The linux equivalent of WFMO is select/poll/epoll.



Perhaps they meant to write WaitOnAddress, which is the same as a basic futex.


yes, sorry, I meant WaitOnAddress. I thought they were also called keyed events (or at least that was the NT name) but I might be wrong.


Keyed event is older thing, somewhat similar but lacks value comparison.


WaitOnAddress() allows 32 or 64 bit addresses. "[in] AddressSize The size of the value, in bytes. This parameter can be 1, 2, 4, or 8."


Thank god there's no Linus at MSFT to pointlessly veto 64-bit futex support.

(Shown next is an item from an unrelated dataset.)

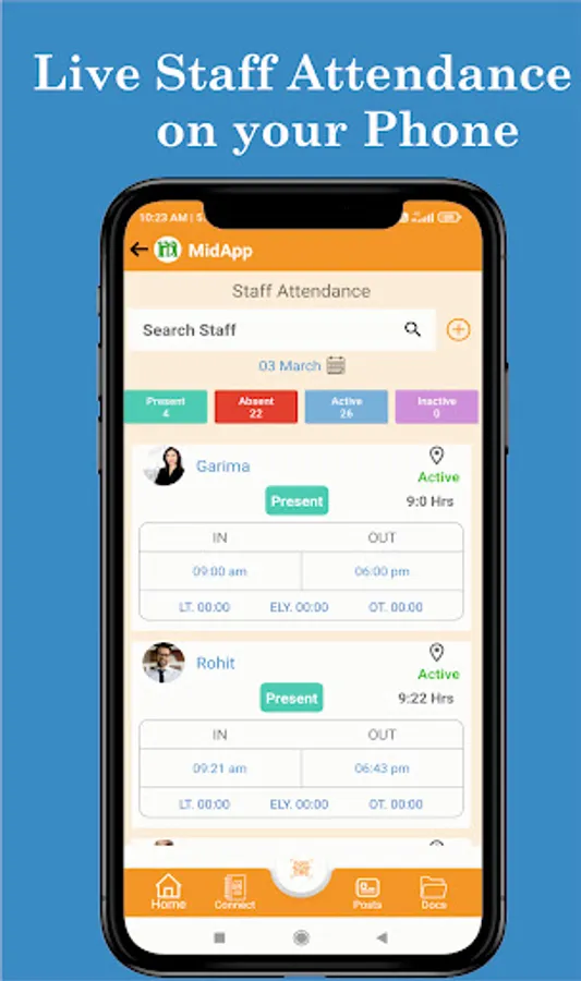 MidApp is best mobile App for staff attendance without using any hardware. Users can mark attendance from their phone by scanning QR Code, or by GPS location or by selfie. Face verification & QR card Attendance is also for team attendance.
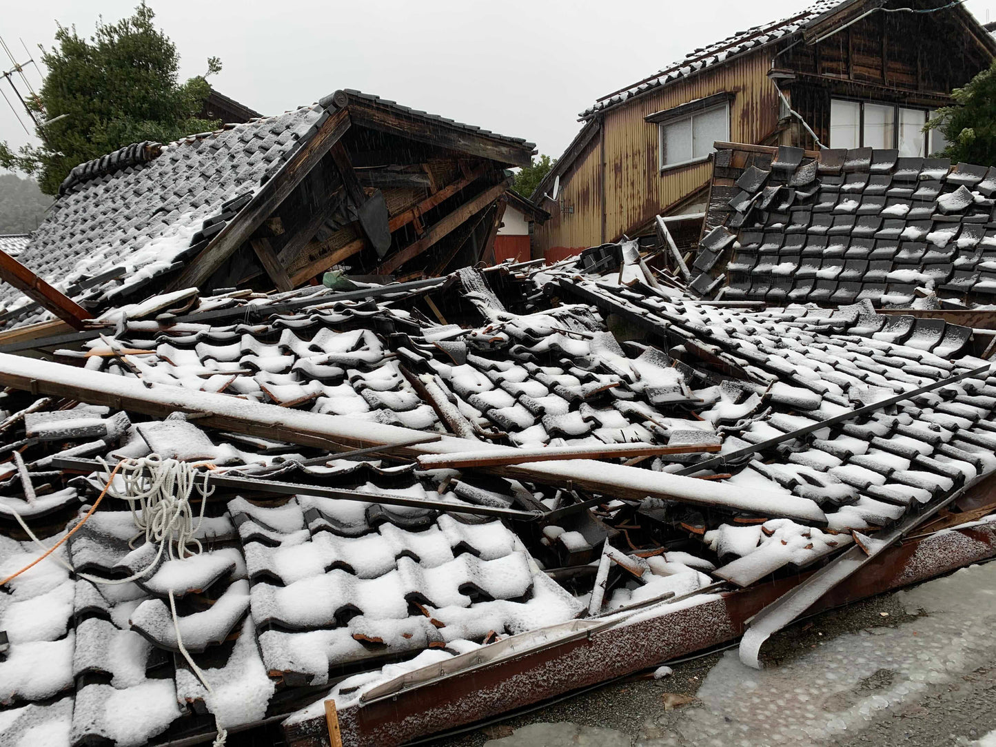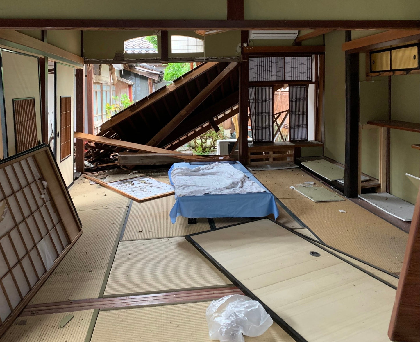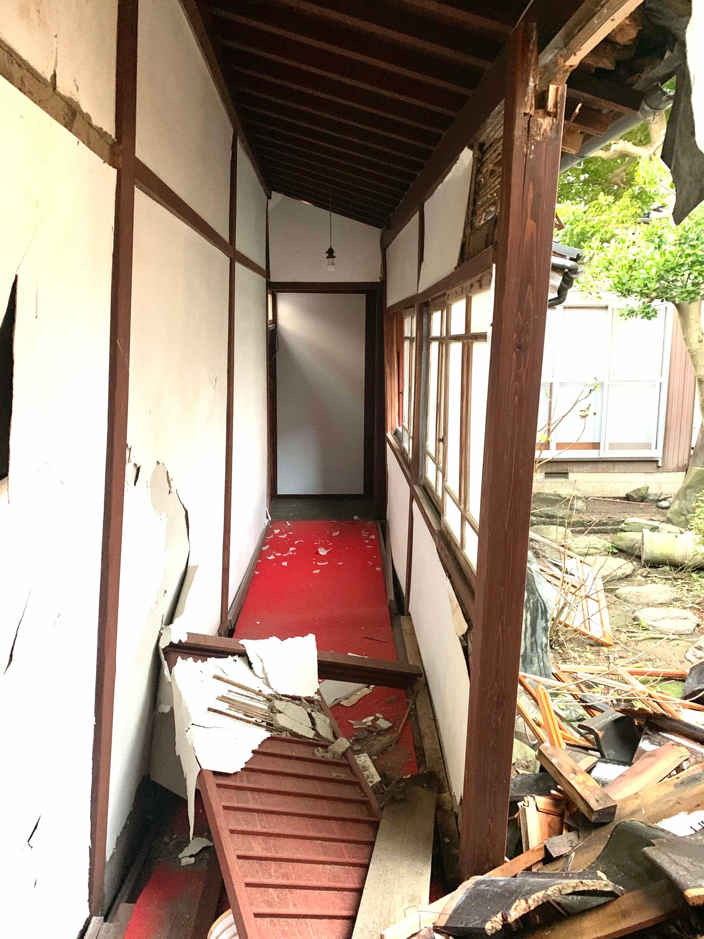 離れは倒壊は免れたものの、地震の揺れで建物全体が束石から落ちてしまい北側に約30cmずれ落ちてしまいました。建物内部も柱が所々傾いたり折れたりしています。縁側のひさしが落ちてしまいました。

Maybe perhaps, but its not clear to me what makes you argue that, and it doesn't match up from what I've read. From the article:

> People often describe the futex as, "Wait on memory address". That overlooks the notification side, but it’s a much more apt name, and why Windows’ name for this API (WaitOnAddress) is superior API naming (to be fair, they did have a decade to think about the name).

The difference between an Address and an Object feels pretty abstract to me. The API surfaced otherwise feels extremely similar. So I'm not sure that there's a ton of ground to stand on for this distinction you are trying to draw. Your assertions could use some argumentation to back them up.

From the Futex2 pull requests in 5.16:

> Add a new sys_futex_waitv() syscall which allows to wait on multiple futexes. The main use case is emulating Windows' WaitForMultipleObjects which allows Wine to improve the performance of Windows Games.


There is a huge difference. The Unix equivalent of an NT kernel object is a file descriptor (or more accurately an open file object). A futex is just a 32-bit word anywhere in memory, hashed to a kernel wait queue on first use. It is much lighter-weight than a kernel file object.


NT handles are a bit more lightweight compared to file descriptors. Their values are not dense, so creating a new one doesn't require searching for the first available number.